Concerning the second brain model, The Enneagram and the Triune Brain offers a different theory on the neuroscience of Enneagram. This article was originally published in the October 2000 issue of the Enneagram Monthly and links the Enneagram types with Paul MacLean's triune brain theory.

In his 1996 book, The Emotional Brain: The Mysterious Underpinnings of Emotional Life (at pages 92-103 of the paperback version), neuroscientist Joseph LeDoux rejected McLean's triune brain model to the extent that this model limits emotional functions to what McLean called the "limbic system". LeDoux explains that emotional functions are not limited to the limbic system (e.g. areas of the neocortex also play various roles); conversely, the limbic system is not limited to emotional functions (e.g. that area also processes certain cognitive functions). If LeDoux's criticisms of the triune brain theory are correct this would obviate this second model as a useful basis for the Enneagram types in neuroscience.

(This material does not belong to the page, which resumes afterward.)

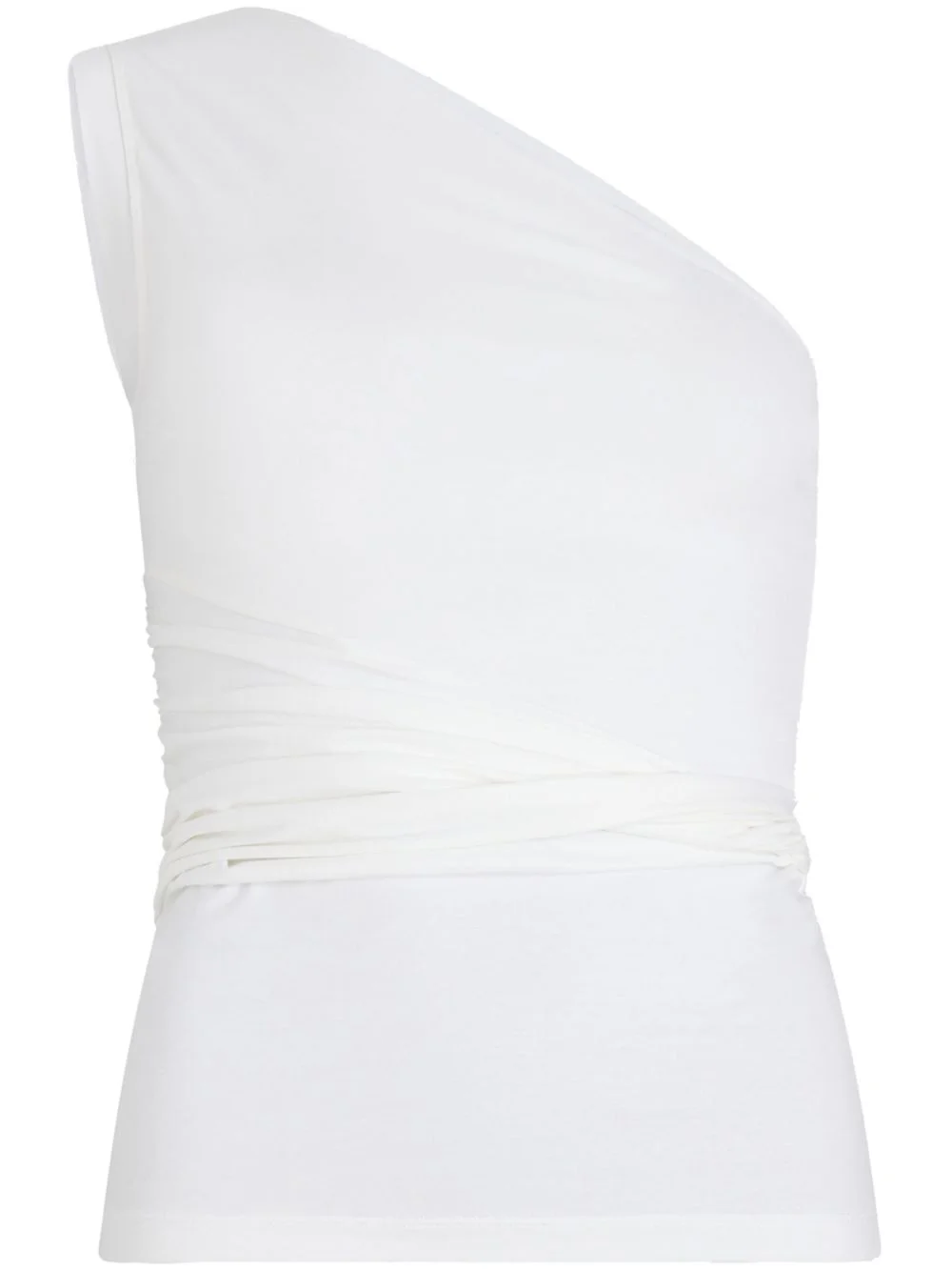 one-shoulder organic cotton top Highlights - White - Gold-tone logo plaque - Layered details - Ruched detailing Imported Composition Organic Cotton 100%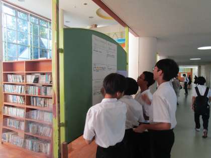 生徒玄関には、生徒会アンケートを掲示板を使って実施しています。みんなが思う回答をシールを貼って集計中です。

Concerning the third brain model, the paper The Enneagram and Brain Chemistry offers a theory that the different Enneagram types derive from different activity levels of the neurotransmitters serotonin, norepinephrine and dopamine.

Criticism

Some psychologists and researchers regard the Enneagram typology as a pseudoscience that uses an essentially arbitrary set of personality dimensions to make its characterizations. Such critics assert that claims for the Enneagram of Personality's validity cannot be verified using the empirical scientific method as they lack falsifiability and cannot be disproven. In this respect, the Enneagram typology is not considered to be any different from many other typological models, such as that of Carl Gustav Jung on which the Myers-Briggs Type Indicator is based.

The Pontifical Council for Culture and the Pontifical Council for Interreligious Dialogue of the Roman Catholic Church have also expressed concerns about the Enneagram typology when it is used in a religious context, because it is claimed that it "introduces an ambiguity in the doctrine and the life of the Christian faith". [5]

Some critics suspect that the claims for the Enneagram typology's validity may be attributed to the Forer effect, the tendency for people to believe a supposedly tailored description of themselves even when the description has been worded in very broad terms.